Balancing risks in allocating costs, the Commission determined that Option 2 was a just and reasonable rate and available under MISO's Tariff, noting that Ameren “ignores the continued existence of the transmission owner's initial funding option” by mutual agreement with the generator. December 2015 Order P 59. It emphasized that “the obligation to fund these network upgrades rests with the [generator] under MISO's Tariff and as credits are not provided in return for this funding, we find that it is potentially unjust, unreasonable and unduly discriminatory to deprive the [generator] of the ability to provide its own capital funding.” Id. P 59. Citing FPC v. Hope Natural Gas Co., 320 U.S. 591 (1944), the Commission acknowledged that its “task is to allow a public utility the opportunity to offer its investors a return that is commensurate with the risk associated with their investment, as represented by the utility's business and financial risks.” August 2016 Order P 13. It found that where generator funding is used, “the [generator] making the up-front investment bears the business and financial risks associated with financing and constructing the network upgrades.” Id. “Because the transmission owner does not bear that risk,” the Commission determined that “its investors are not exposed to that risk, and it is therefore not necessary for the transmission owner to offer investors a return based on that risk in exchange for their investment of capital.” Id.

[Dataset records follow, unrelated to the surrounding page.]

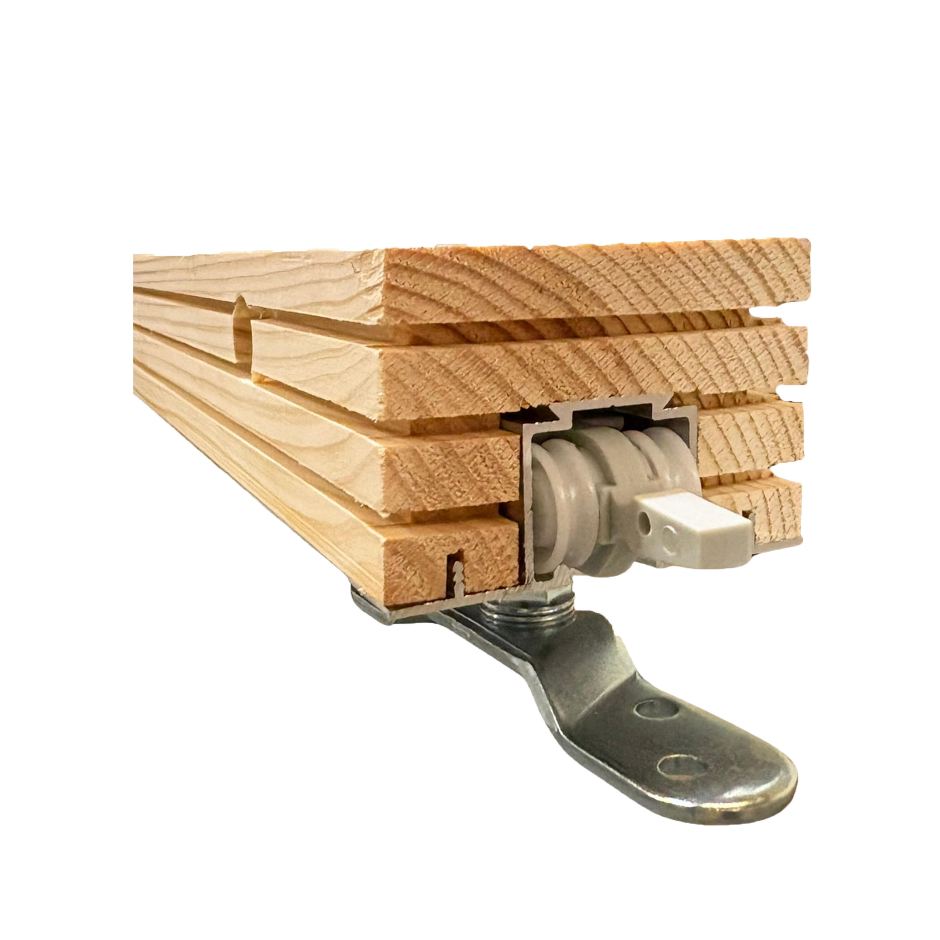 Sistema de guía de puerta corredera sobre tabique que consiste en una guía de aluminio con alas embutida en listón de madera de pino, que facilita la instalación a pared.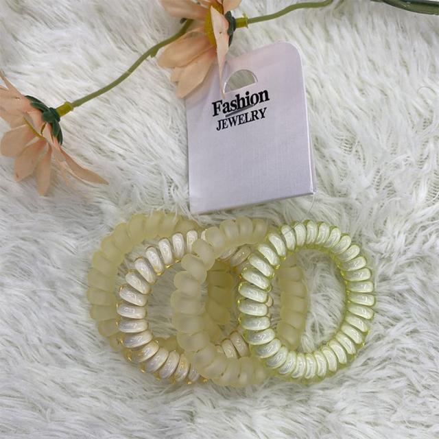 2.【いろいろな色を選ぶことができます】サッと簡単にしっかりととまるスパイラルリングヘアゴムの4点セットです。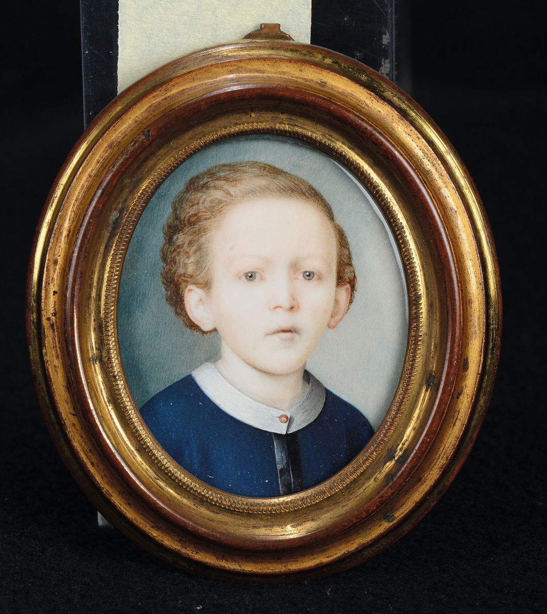 La gamma cromatica del ritrattino si gioca su toni freddi: il fanciullo indossa una casacca blu marine contro uno sfondo chiaro, in gradazione.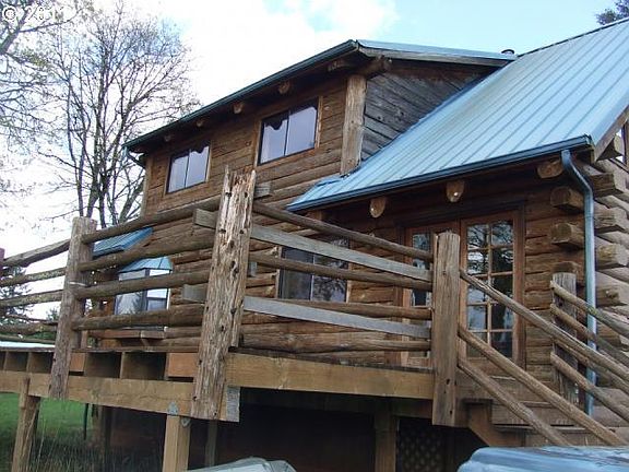 Oregon City Forclosure Log Home on 20 acres with out buildings, seller is offering 2 year Home warranty on owner occupied offers. Near Stone creek Golf Course.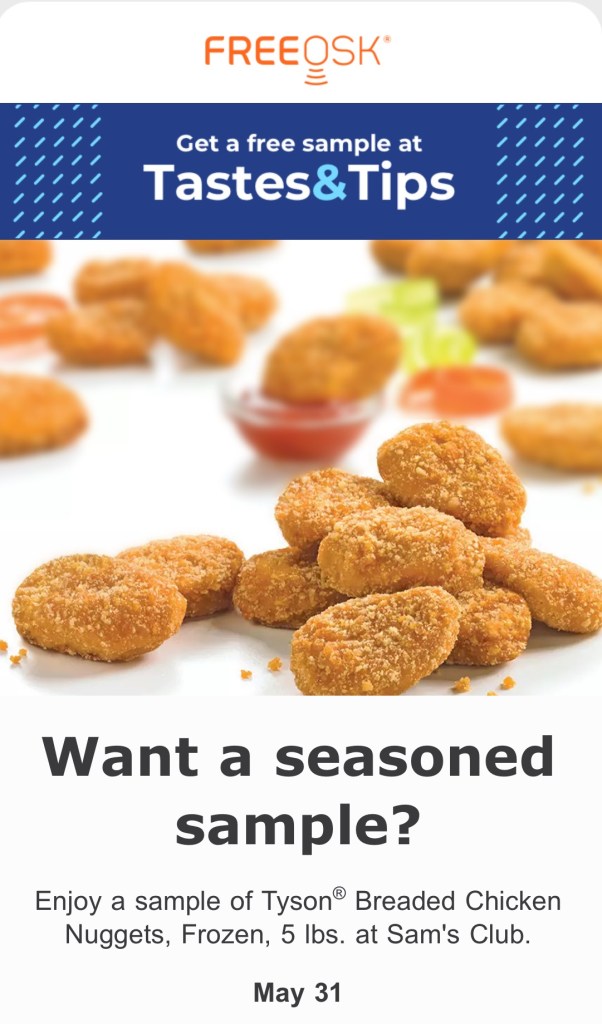 Anyway, on May 31st, Sam’s Club Stores will be offering shoppers samples of Tyson chicken nuggets! I do not see a specific timeframe for this, so I am guessing it is just until they run out of the amount of nuggets they are sharing with us.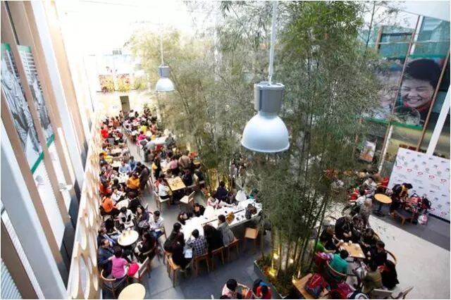 巨大的中庭、三层楼的挑高、全景天窗、高耸至顶的竹林……这里是一楼的RICH&JAY咖啡广场,拿铁、摩卡是必须的,“蛋白饮”则是安利独有的,所用原料是纽崔莱蛋白粉和益之源纯净水。你每购买一杯饮品,都是为西部贫困儿童捐献一份爱心。喝着咖啡还能做慈善,小安的心和和煦的秋阳一样暖暖的!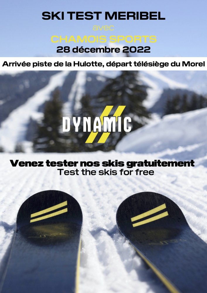 Votre magasin de ski à Méribel organise avec la marque Dynamic un ski test à l'arrivée de la piste de la Hulotte et au Départ du télésiège de Morel.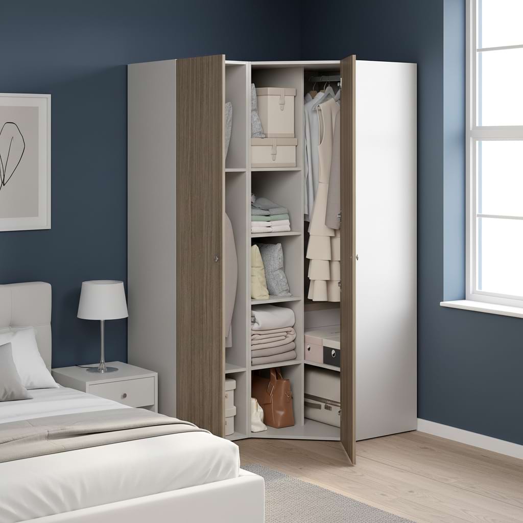 • Dulap colt ARONA 84, A50, H195, cu 1 usa, prevăzut cu polițe și bară pentru umerașe.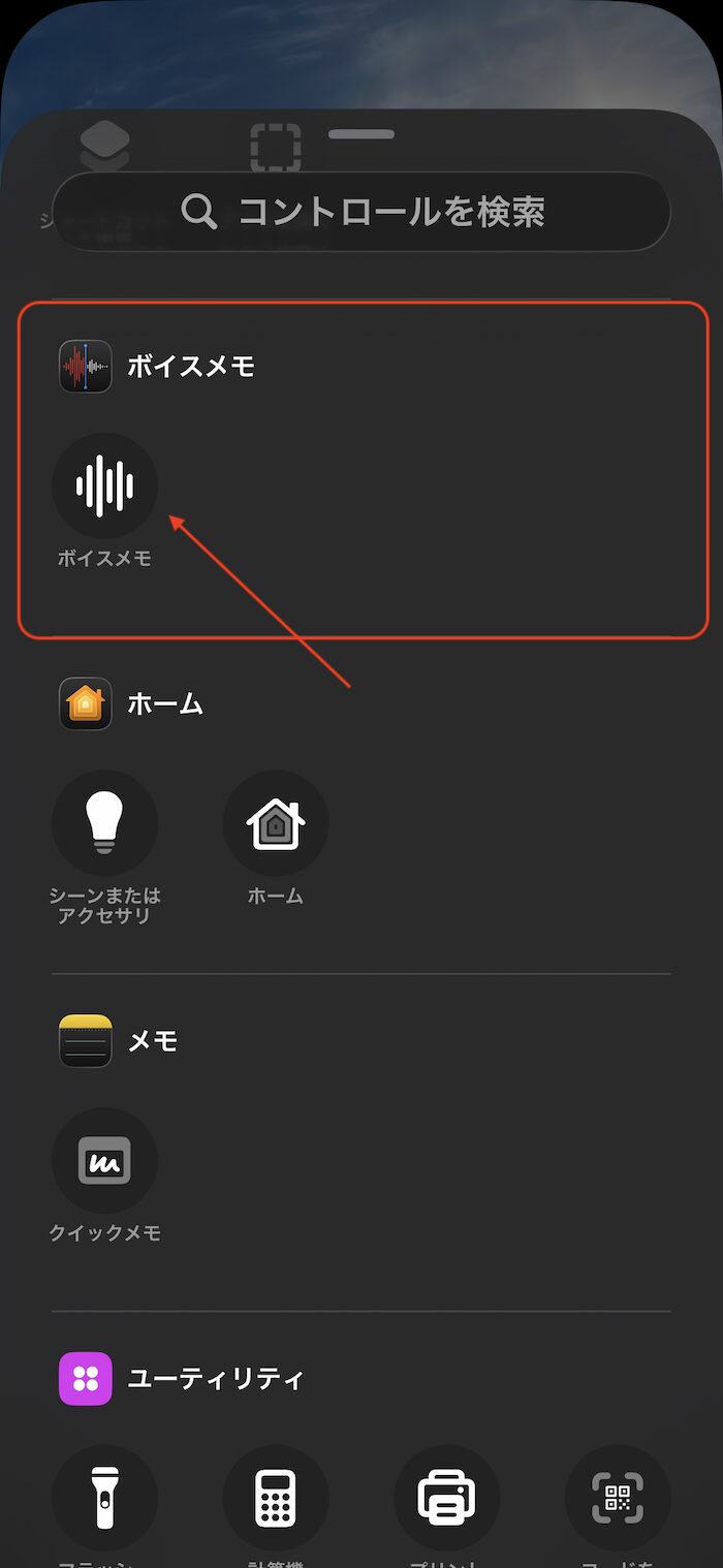 項目を横にスライド。「ボイスメモ」を指定します。

The Commission observed further that Ameren “does not allege that funding for network upgrades under Option 2 is confiscatory inasmuch as it provides an insufficient rate of return to a transmission owners; rather, [Ameren] take[s] issue only with the fact that [it] will no longer unilaterally elect that financing option.” Id. P 15 (emphases added). Additionally, the Commission determined, Ameren “had not shown how requiring [a generator] to post security to address risk during construction and allowing [a generator], as opposed to the transmission owner, the initial opportunity to fund network upgrades, precludes transmission owners from operating successfully, maintaining financial integrity, attracting capital, and compensating investors for the risks assumed, in violation of Hope.” Id. P 16. Were Ameren in fact to incur uncompensated costs, such proof could be presented in a future proceeding. See December 2015 Order P 57; see also id. P 60.

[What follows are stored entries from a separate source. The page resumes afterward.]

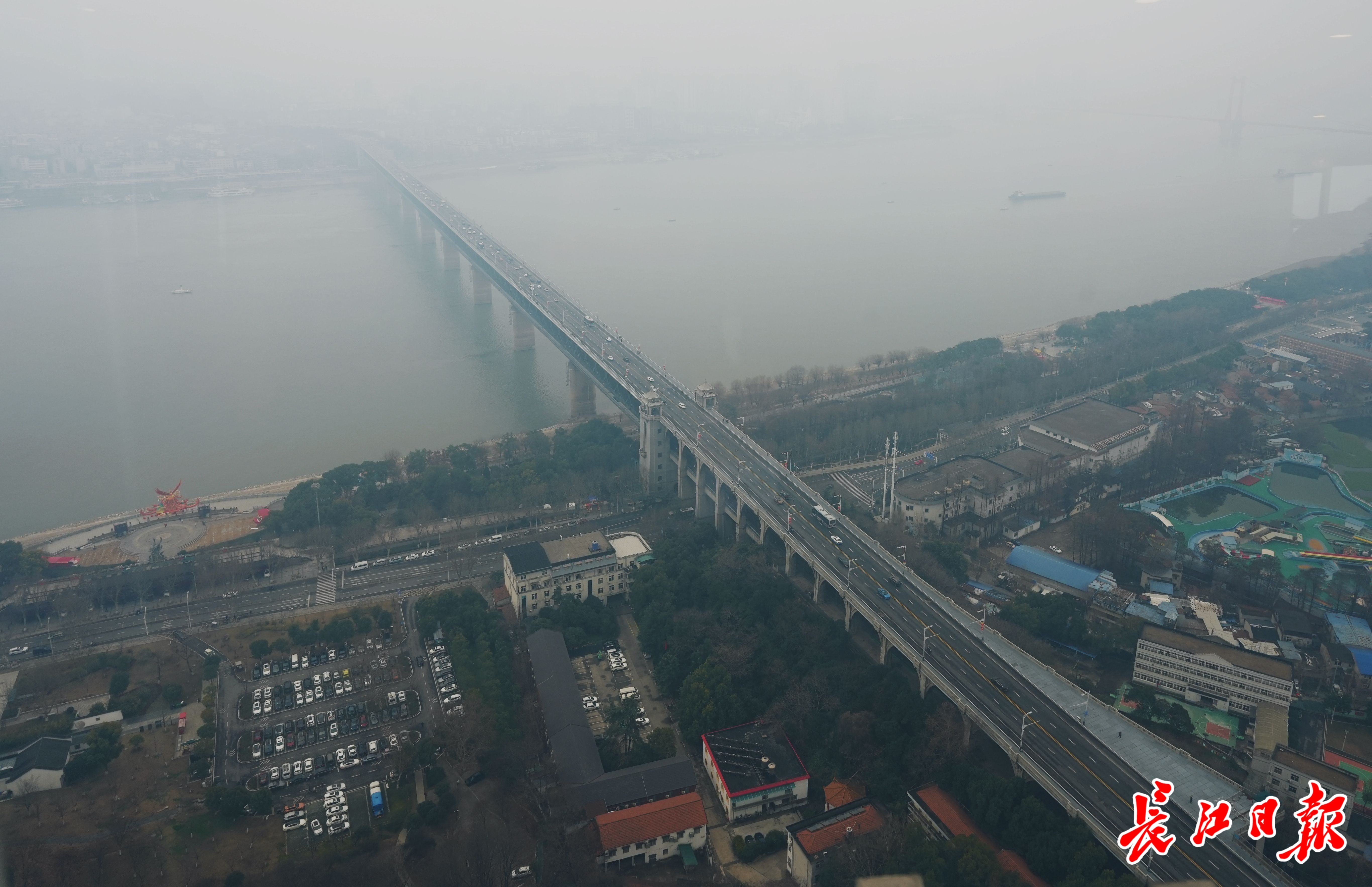 从龟山电视塔观景平台,远眺长江大桥。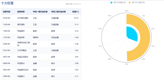 港股通红利30ETF(513820)标的指数行业分布上,权重靠前的行业为银行、交通运输,占比各20%左右,石油石化(12.6%)、非银金融(9.0%)、煤炭(8.7%)、通信(8.5%)紧随其后,行业分布相对均衡。指数成分股聚焦大市值龙头企业,覆盖了多家关键基础设施行业的龙头央企,前十大成份股权重占比约50%。
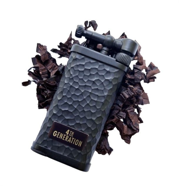 Japan’s IM Corona has added the new Hammer Tone design to its iconic soft flame pipe lighter with removable tamper, this one is in a unique Perique (Black) Hammer Tone finish.

The court nevertheless concludes that the challenged orders must be vacated. Op. at 27. The reasons offered by the court for vacatur are unpersuasive because the so-called “deficiencies,” id. at 26, simply ignore the Commission's analysis and Ameren's failure to produce evidence of uncompensated risks as well as the Commission's manner of proceeding, addressing capital costs here and generic interconnection cost issues in a separate docket. The challenged orders reflect the Commission's determination upon assessing a complex and difficult balancing of risks in regard to recovery of costs, and the court owes deference to the Commission's expertise and technical understanding. See Elec. Power Supply Ass'n, 136 S. Ct. at 784.

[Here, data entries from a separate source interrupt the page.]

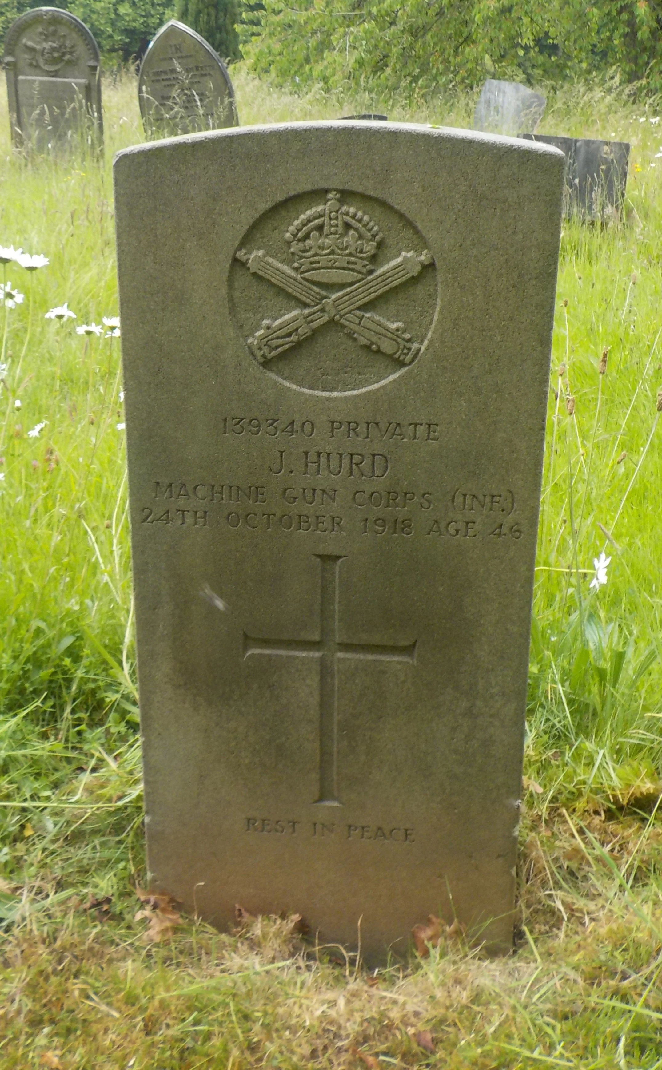 Died 24/10/1918 Age 46. Private, Machine Gun Corps (Infantry), Service Number 139340. Son of William and Emma Hurd, of 139, Boyer St., Derby.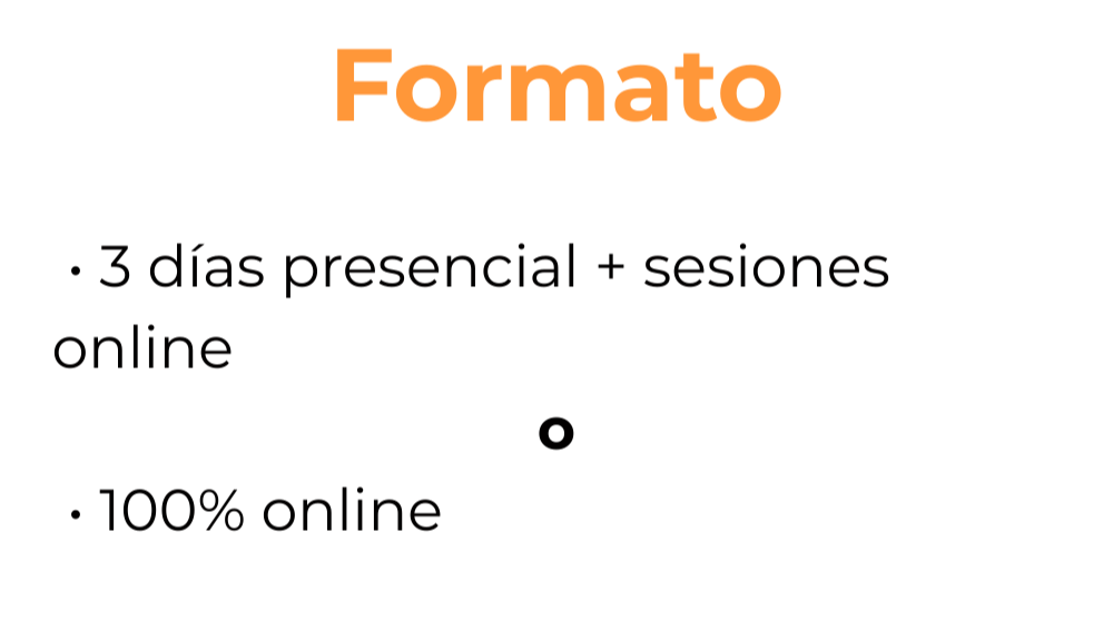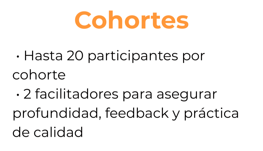 Impartidas de forma presencial u online por facilitadores senior, siempre con dos trainers guiando el diálogo, la profundidad y el flujo de aprendizaje.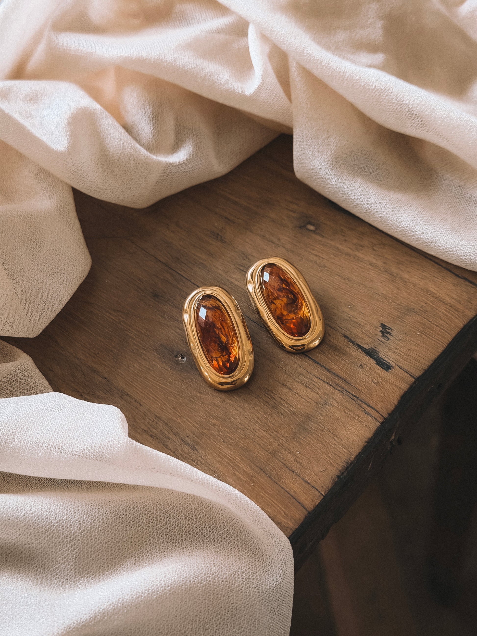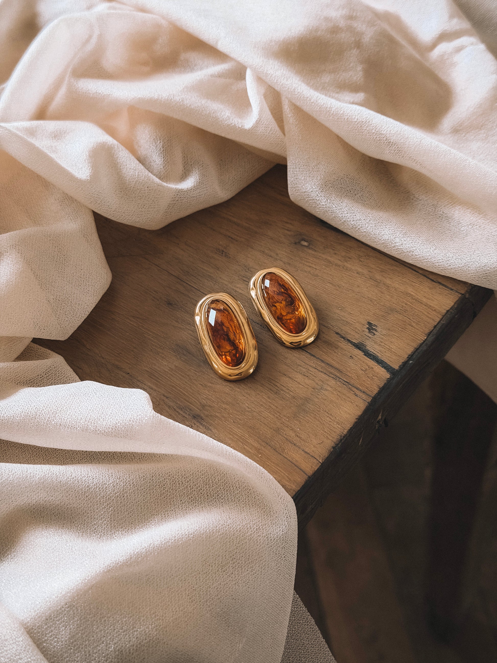 • Boucles d'oreilles ovale allongé délicatement bombé

The court faults the Commission for failing to show why a transmission owner without affiliates would discriminate among generators. Op. at 12–13. But Ameren never argued this point to the Commission. See Request for Reh'g of the Certain MISO Transmission Owners (Jul. 20, 2015); Request for Reh'g of the Indicated Transmission Owners (Jan. 28, 2016); Request for Reh'g of the Indicated Transmission Owners (Sept. 8, 2016). Nor did Ameren argue that the Commission's determination regarding generator funding should be limited to transmission owners with affiliates (such as “Ameren Missouri”). See Op. at 12–13. Ameren disputed only the Commission's determination that undue discrimination may occur if transmission owners could unilaterally elect to fund network upgrades. The court insists that Ameren's incentive theory “can hardly be thought a new argument” given Ameren's “vigor[ ]” in broadly claiming there was no evidence of discrimination. Op. at 13. But an implicit argument about incentives does not meet the statutory requirement and the court offers no pertinent record citation. This court's jurisdiction is limited to grounds “ ‘set forth specifically’ in the petitioner's request for Commission rehearing.” Ind. Util. Reg. Comm'n v. FERC, 668 F.3d 7325, 739 (D.C. Cir. 2012) (quoting 16 U.S.C. § 825l(a) ); see Kelley ex rel. Mich. Dep't of Nat. Res. v. FERC, 96 F.3d 1482, 1487–88 (D.C. Cir. 1996). The court, therefore, vacates the orders based in part on an argument that the Commission never had the chance to consider and over which the court, therefore, lacks jurisdiction. 16 U.S.C. § 825l (b).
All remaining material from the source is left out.